Say you have a document structured like [boring data] [secret data] [boring data]. I don't know if any existing compressor lets you do this, but the gzip file format (really the 'deflate' format used inside it) allows you to encode this (schematically) as follows:

[compressed boring data] || [uncompressed secret data] || [compressed boring data]

where each || is i) a chunk boundary (the Huffman compression stage is done per-chunk, so this avoids leaks at that level), and ii) a point where the encoder forgets its history - ie, you simply ban the encoder from referencing across the || symbols.

If you wanted, you could even allow references between different "boring" chunks (since the decoder state never needs resetting), just as long as you make sure not to reference any of the secret data chunks.

Edit to add: Also, if the "boring" parts are static, you can pre-compress just those chunks and splice them together, potentially saving you from having to fully recompress an "almost static" document just because it has some dynamic content.

The other benefit is from combining files and reducing the number of http requests. Minifiers are really needed for that, but the do make for some nicer development workflows.
> The other benefit is from combining files and reducing the number of http requests. Minifiers are really needed for that, but the do make for some nicer development workflows.

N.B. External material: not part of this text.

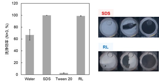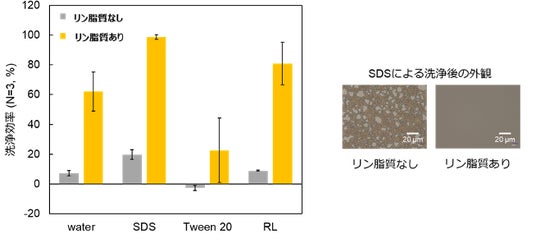 更に、皮膚常在菌である黄色ブドウ球菌のバイオフィルムをリン脂質で被覆した基板上に作成し、リン脂質の有無、多寡にかかわらず同等のバイオフィルムが形成されることを確認しました。このバイオフィルムをタイプの異なる界面活性剤の溶液で洗浄したところ、リン脂質の被覆率が増加するに従い洗浄効率が高くなることが分かりました(図2)。この結果は、リン脂質被膜がバイオフィルムの洗浄除去促進に有効であることを示唆しており、リン脂質をベースとした新しいスキンケア製品の開発への道を開くものと考えられます。

debatable with HTTP2 . Furthermore, separate files are easier to cache. If one of them doesn't change it doesn't have to be loaded again. That's my experience with bundles, especially when one uses asynchronous module definition instead of babel, webpack and co.

What about cache expiry? Minfiers can generate a hash and tack that on to the file name so it's cached forever. With http2 can you do this without the back and forward conversation?
Number of HTTP requests is not a concern with HTTP2 server push and multiplexing. In fact it's usually better to have 2 fairly sized files that can be downloaded in parallel rather than 1 large file.
probably not true, since most http/2 implementations that I know of use time multiplexing, which means that only one element at a time can pass, so the time is exactly the same.

I mean if I split a file in 10 exact pieces or if I split two files in the exact same 10 pieces as well I still have the same data.

(Edit: Well basically two files have mostly more data since they both might contain a BOM or so)

There is a nice diagram here showing how requests/responses are able to be sent in parallel (not time-based multiplexing): https://developers.google.com/web/fundamentals/performance/h...

And see Nginx's `http2_max_concurrent_streams` option: https://nginx.org/en/docs/http/ngx_http_v2_module.html#http2...